The slides used for melanin bleaching were immersed in 10% hydrogen peroxide in pH 7.4 0.2mol/L Tris-HCl buffer solution for 24 hours at room temperature. The staining jar was kept in the dark during this procedure. From this step on, both bleached and unbleached sections followed the same staining protocol. The unspecific reactions were blocked with the TNB blocking reagent (Tris-buffered reagent blocking) from the TSA staining kit (Amershan, Boston, USA) at 37ºC for 30 minutes. The sections were thus incubated with monoclonal anti-PCNA antibody (Zymed, San Francisco, USA) diluted 1:200 in pH 7.4 Tris-HCl 0.2mol/L buffer solution overnight at 4ºC. After washing, the anti-mouse biotinylated secondary antibody was applied over the sections, followed by the streptavidin/peroxidase complex (both from kit LSAB DAKO, Glostrup, Denmark) for 30 minutes each at room temperature. The slides were incubated with DAB solution (kit LSAB DAKO) for 10 minutes at room temperature, counterstained by Harris hematoxylin and mounted with a permanent mounting medium. The same procedure was repeated in slides where the primary antibody was not applied (negative control). Each step of the procedure here described was preceded by three washes with Tris-HCl buffer for five minutes each time.
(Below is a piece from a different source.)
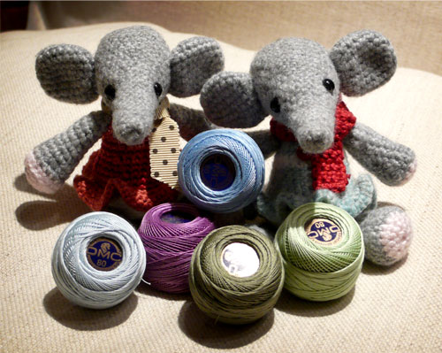 Here’s my little stash, modelled by an elephant duet. The elephant on the left is going to a new home next week, and she’s most excited. (I *love* making things for people. I’m already excited at the thought of packaging her up. I hope her new owner(s) like her).

Ten pairs of histological sections from the rat duodenum and another 10 pairs from the hindflipper skin of A. australis were either submitted or not to the bleaching procedure. Five hundred nuclei were randomly selected in each section and the number of PCNA-positive nuclei among the 500 selected was counted to calculate the cell proliferation index. All countings were done with an Olympus BX60 microscope (Carl Zeiss) under a 100x immersion oil objective by the same person. The mean of the total number of positive nuclei counted in the bleached section of each type of tissue were compared with the mean of the non-bleached sections using Student t statistical test (p<0.05).



The counting of PCNA-positive epidermal nuclei in paired sections of South American fur seal skin showed a significant difference between the samples that went through the melanin bleaching process by hydrogen peroxide and those that were not bleached. The statistical results are presented as mean ± standard deviation. As can be noted in Figure 1, the observer counted more PCNA-positive nuclei in the sections without bleaching (139.0±16.7) than in the bleached (85.90±23.3) sections (p<0.05).
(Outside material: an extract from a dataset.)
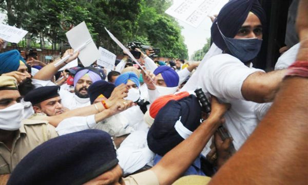 ਚੰਡੀਗੜ੍ਹ : ਪੰਜਾਬ ‘ਚ ਜ਼ਹਿਰੀਲੀ ਸ਼ਰਾਬ ਨਾਲ ਹੋਈਆਂ ਮੌਤਾਂ ਦੇ ਮਾਮਲੇ ਤੋਂ ਬਾਅਦ ਸ਼੍ਰੋਮਣੀ ਅਕਾਲੀ ਦਲ ਨੇ ਕੈਪਟਨ ਸਰਕਾਰ ਖ਼ਿਲਾਫ਼ ਮੋਰਚਾ ਖੋਲ੍ਹ ਦਿੱਤਾ ਹੈ। ਅਕਾਲੀ ਆਗੂਆਂ ਨੇ ਕੈਪਟਨ ਸਰਕਾਰ ਦੀ ਬਰਖ਼ਾਸਤਗੀ ਦੀ ਮੰਗ ਸਬੰਧੀ ਸੋਮਵਾਰ ਨੂੰ ਚੌਥੇ ਦਿਨ ਵੀ ਪਾਰਟੀ ਦੇ ਸੀਨੀਅਰ ਆਗੂ ਤੇ ਸਾਬਕਾ ਮੰਤਰੀ ਸ਼ਰਨਜੀਤ ਸਿੰਘ ਢਿੱਲੋਂ ਦੀ ਅਗਵਾਈ ‘ਚ ਪੰਜਾਬ ਰਾਜ ਭਵਨ ਵੱਲ ਰੋਸ ਮਾਰਚ ਕੱਢਿਆ। ਅਕਾਲੀ ਆਗੂ ਕੈਪਟਨ ਸਰਕਾਰ ਦੀ ਬਰਖ਼ਾਸਤਗੀ ਦੀ ਮੰਗ ਕਰ ਰਹੇ ਸਨ। ਇਸ ਦੌਰਾਨ ਰਾਜ ਭਵਨ ਵੱਲ ਵਧ ਰਹੇ ਅਕਾਲੀ ਆਗੂਆਂ ਨੂੰ ਪੁਲਿਸ ਨੇ ਹਿਰਾਸਤ ‘ਚ ਲੈ ਲਿਆ। ਇਸ ਤੋਂ ਪਹਿਲਾਂ ਐਤਵਾਰ ਨੂੰ ਅਕਾਲੀ ਆਗੂਆਂ ਨੇ ਹੀਰ ਸਿੰਘ ਗਾਬੜੀਆ ਦੀ ਅਗਵਾਈ ‘ਚ ਰੋਸ ਮਾਰਚ ਕੱਢਿਆ ਸੀ। ਸੋਮਵਾਰ ਨੂੰ ਵੀ ਅਕਾਲੀ ਆਗੂਆਂ ਨੇ ਕੈਪਟਨ ਸਰਕਾਰ ਨੂੰ ਜ਼ਹਿਰੀਲੀ ਸ਼ਰਾਬ ਨਾਲ ਹੋਈਆਂ ਮੌਤਾਂ ਲਈ ਜ਼ਿੰਮੇਵਾਰ ਠਹਿਰਾਉਂਦੇ ਹੋਏ ਉਸ ਨੂੰ ਬਰਖ਼ਾਸਤ ਕਰਨ ਦੀ ਮੰਗ ਸਬੰਧੀ ਰਾਜ ਭਵਨ ਤਕ ਰੋਸ ਮਾਰਚ ਕੀਤਾ। ਚੰਡੀਗੜ੍ਹ ਪੁਲਿਸ ਨੇ ਅਕਾਲੀ ਆਗੂਆਂ ਨੇ ਰਾਜ ਭਵਨ ਪਹੁੰਚਣ ਤੋਂ ਪਹਿਲੀਂ ਆਗੂਆਂ ਨੂੰ ਹਿਰਾਸਤ ‘ਚ ਲੈ ਲਿਆ। ਸੋਮਵਾਰ ਨੂੰ ਮਾਰਚ ਦੀ ਅਗਵਾਈ ਕਰਦਿਆਂ ਸਾਬਕਾ ਮੰਤਰੀ ਸ਼ਰਨਜੀਤ ਸਿੰਘ ਢਿੱਲੋਂ ਨੇ ਦੋਸ਼ ਲਾਇਆ ਕਿ ਪੰਜਾਬ ‘ਚ ਸ਼ਰਾਬ ਤੇ ਰੇਤ ਮਾਫ਼ੀਆ ਦਾ ਬੋਲਬਾਲਾ ਹੈ। ਸੂਬਾ ਸਰਕਾਰ ਹਰੇਕ ਮੋਰਚੇ ‘ਤੇ ਅਸਫ਼ਲ ਸਾਬਿਤ ਹੋ ਰਹੀ ਹੈ।

Figure 2 shows that in non-bleached epidermis the melanin granules were dispersed in the cytoplasm of the keratinocytes and sometimes they may be found masking the nuclei, making very difficult to differentiate a positive from a negative result. In duodenum, used as positive control of both PCNA staining and the bleaching procedure, no statistical difference of means could be shown between the number of positive nuclei counted in bleached (124.6±4.3) or unbleached (126.0±6.5) sections (p<0.05). Also, we could not detect histological alteration or artifacts in the tissue after the bleaching process.
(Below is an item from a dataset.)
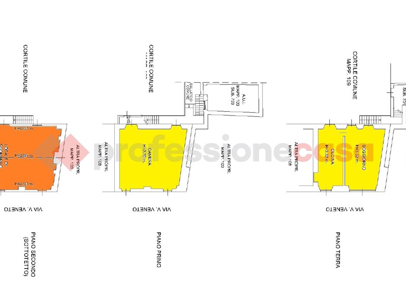 a) TERRATETTO di Corte A/3 con affaccio fronte strada così composto: APPARTAMENTO disposto su tre livelli di circa 45 mq cadauno (40 mq calpestabili) collegati tra loro da scala esterna e ballatoio di proprietà; i primi due livelli sono abitazione il terzo sottotetto al grezzo finestrato con altezza massima 3,75 mt. oltre a, SERVIZIO di circa 15 mq in corpo staccato. Impianto di riscaldamento funzionante a caldaia classica certificata con radiatori in alluminio. Tetto sostituito nel 1983. Solette i legno.

The melanin is one of a group of pigmented macromolecules from which the eumelanin and pheomelanin are part. These pigments are found in the epidermis and hair of mammals; however the melanin is the predominant form in marine mammals. The melanin is mainly found in organs that receive light and its function is cell photoprotection (Billingham & Silvers 1960, Ling 1974). All types of melanin are formed by the conversion of tyrosine into α-3,4-dihydroxyphenylalanine and then into dopaquinone and melanin by the enzyme tyrosinase (Woolf & Swafford 1988). The melanocytes, the melanin-secreting cells, are located in the basal layer of the epidermis, which is the mitotically active layer of this structure. They deliver the melanin granules to the cytoplasm of the keratinocytes (Ackerman et al. 2005). The granules are then transported to the supranuclear region, forming a protective barrier against ultraviolet radiation. The melanocytes from the skin and mucosal membranes are also involved in a very aggressive type of tumour, the malignant melanoma and there are several immunohistochemical studies directed to this tumor characterization (Li et al.1999, Roels et al. 1999) that would benefit from the bleaching of melanin to obtain a clearer microscopical image of the cells targeted by EI research.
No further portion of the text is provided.